> [Try it]
Reproduce every entry below exactly, minus the pictures.

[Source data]
○ ○ ○

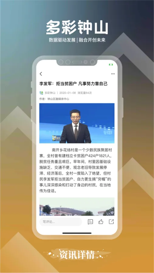 多彩钟山”是钟山区融媒体中心和钟山区新时代文明实践中心融合平台,有新闻发布、政务办理、民生服务查询、志愿服务等功能,提供“新闻资讯、文明实践、政务服务、商务服务、党建服务、民生服务、应急广播”服务,实现“新闻+政务+服务+商务+党建+应急广播”的目标
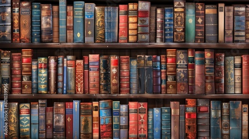 Mysterious Library Bookshelf background with many Antique Books arranged
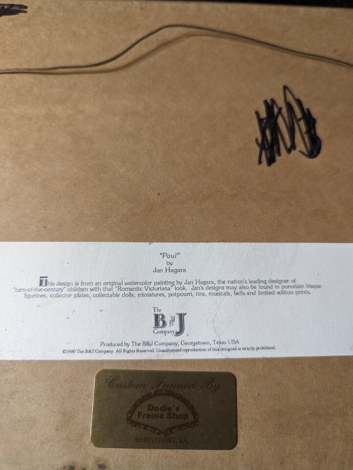'Paul' by Jan Hagara is an authorized print of an original painting produced in 1990. The portrait orientation lithograph print on matte paper measures 11 inches in length and 8 inches in height. It features a young child named Paul and is framed and matted. The print is an original and not a licensed reprint. It does not come with a certificate of authenticity and is not signed. The artwork depicts a child and falls under the theme of children and infants.
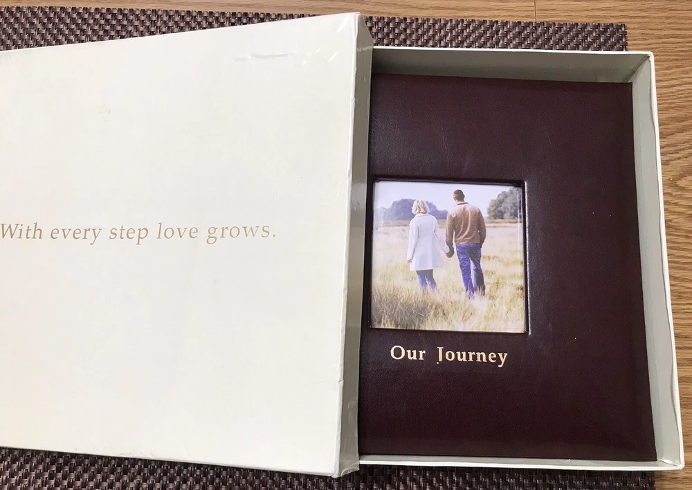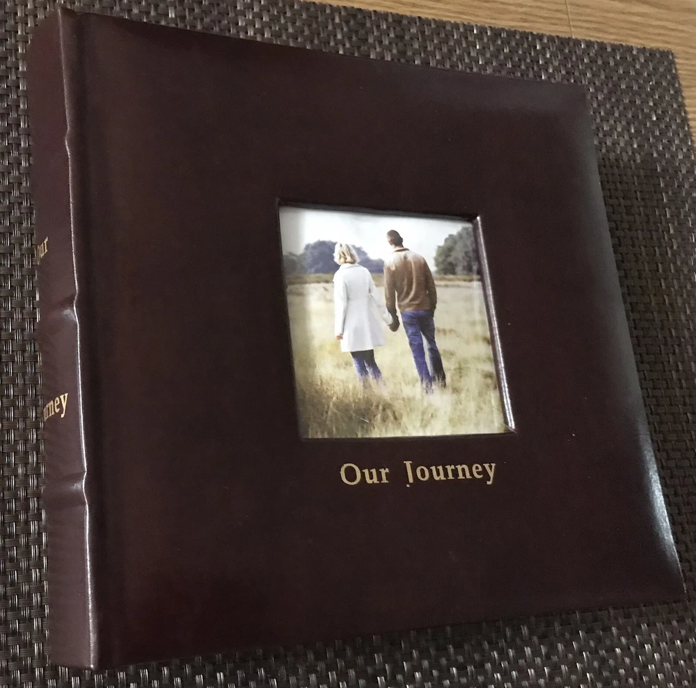 Preserve your precious memories in style with this stunning slip-in photo album. Designed to hold 192, 4 x 6 inch photos in 48 pages, this book-bound album is perfect for showcasing your favorite family moments. The faux leather cover in a beautiful burgundy color adds a touch of elegance to your collection. Featuring the heartwarming phrase "With Every Step Love Grows" and on the cover “Our Journey”, this photo album is a wonderful way to capture and cherish your family's journey together. Whether you're looking to organize your memories or gift it to someone special, this album is sure to be a cherished keepsake for years to come.
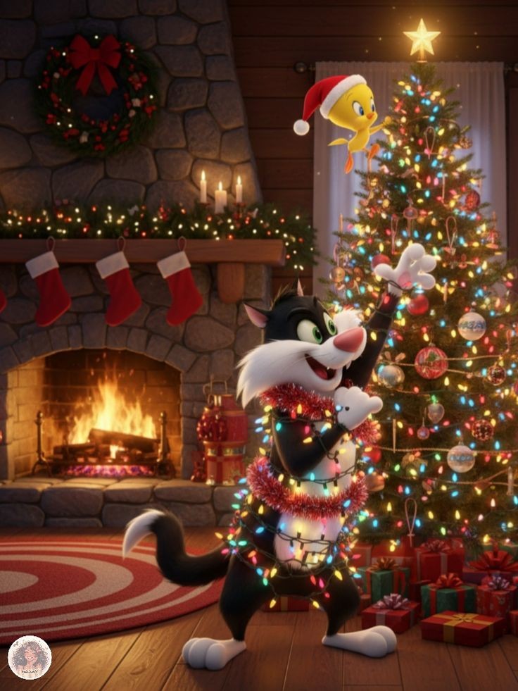 Celebrate the holidays with pure cartoon joy in this adorable 4K wallpaper Sylvester the cat tangled in twinkling Christmas lights, holding a tiny Tweety in a Santa hat next to a beautifully decorated tree, fireplace & gifts! Perfect for Looney Tunes fans to bring festive fun to your phone or desktop. High resolution, free to download and enjoy.
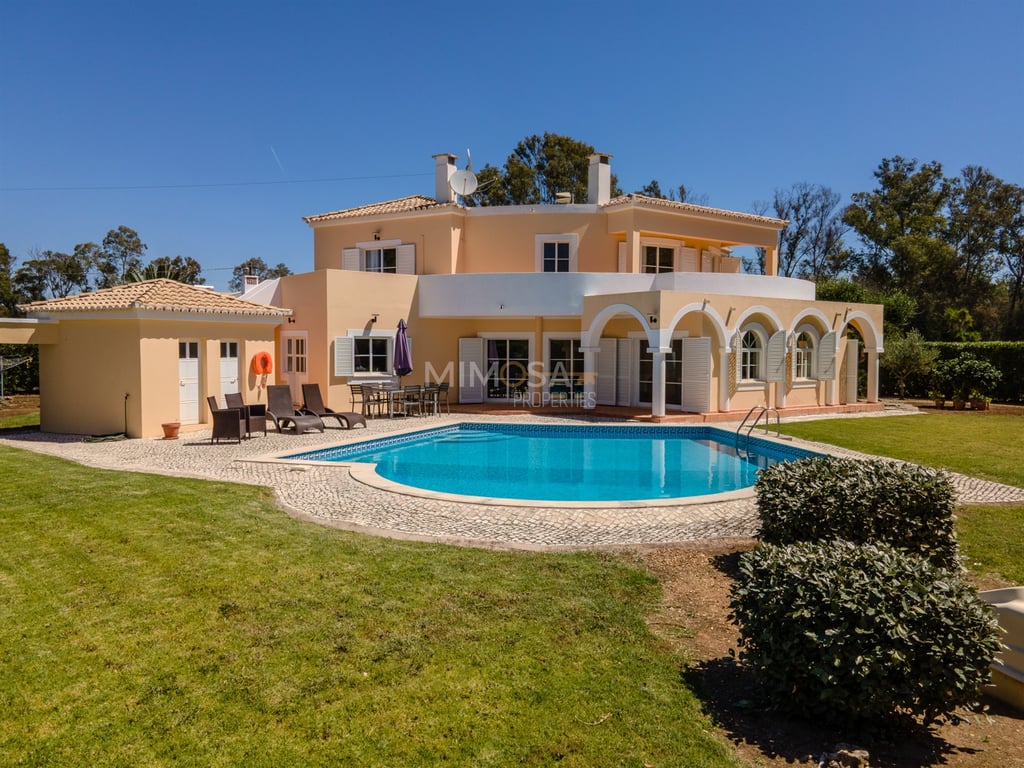 A charming 4-bedroom Portuguese-style villa with a swimming pool on a golf course.The property is south-facing and has good sun exposure, surrounded by a garden.The ground floor consists of an entrance hall, a fully equipped kitchen with laundry, a living area, a dining area with access to a terrace and a swimming pool, a bedroom, a guest bathroom, and a garage.The first floor consists of a master en-suite bedroom, an en-suite bedroom, a bedroom, and a bathroom. The two en-suite bedrooms have a ...

○ ○ ○

> [The answer]
 多彩钟山”是钟山区融媒体中心和钟山区新时代文明实践中心融合平台,有新闻发布、政务办理、民生服务查询、志愿服务等功能,提供“新闻资讯、文明实践、政务服务、商务服务、党建服务、民生服务、应急广播”服务,实现“新闻+政务+服务+商务+党建+应急广播”的目标
 Mysterious Library Bookshelf background with many Antique Books arranged
'Paul' by Jan Hagara is an authorized print of an original painting produced in 1990. The portrait orientation lithograph print on matte paper measures 11 inches in length and 8 inches in height. It features a young child named Paul and is framed and matted. The print is an original and not a licensed reprint. It does not come with a certificate of authenticity and is not signed. The artwork depicts a child and falls under the theme of children and infants.
 Preserve your precious memories in style with this stunning slip-in photo album. Designed to hold 192, 4 x 6 inch photos in 48 pages, this book-bound album is perfect for showcasing your favorite family moments. The faux leather cover in a beautiful burgundy color adds a touch of elegance to your collection. Featuring the heartwarming phrase "With Every Step Love Grows" and on the cover “Our Journey”, this photo album is a wonderful way to capture and cherish your family's journey together. Whether you're looking to organize your memories or gift it to someone special, this album is sure to be a cherished keepsake for years to come.
 Celebrate the holidays with pure cartoon joy in this adorable 4K wallpaper Sylvester the cat tangled in twinkling Christmas lights, holding a tiny Tweety in a Santa hat next to a beautifully decorated tree, fireplace & gifts! Perfect for Looney Tunes fans to bring festive fun to your phone or desktop. High resolution, free to download and enjoy.
 A charming 4-bedroom Portuguese-style villa with a swimming pool on a golf course.The property is south-facing and has good sun exposure, surrounded by a garden.The ground floor consists of an entrance hall, a fully equipped kitchen with laundry, a living area, a dining area with access to a terrace and a swimming pool, a bedroom, a guest bathroom, and a garage.The first floor consists of a master en-suite bedroom, an en-suite bedroom, a bedroom, and a bathroom. The two en-suite bedrooms have a ...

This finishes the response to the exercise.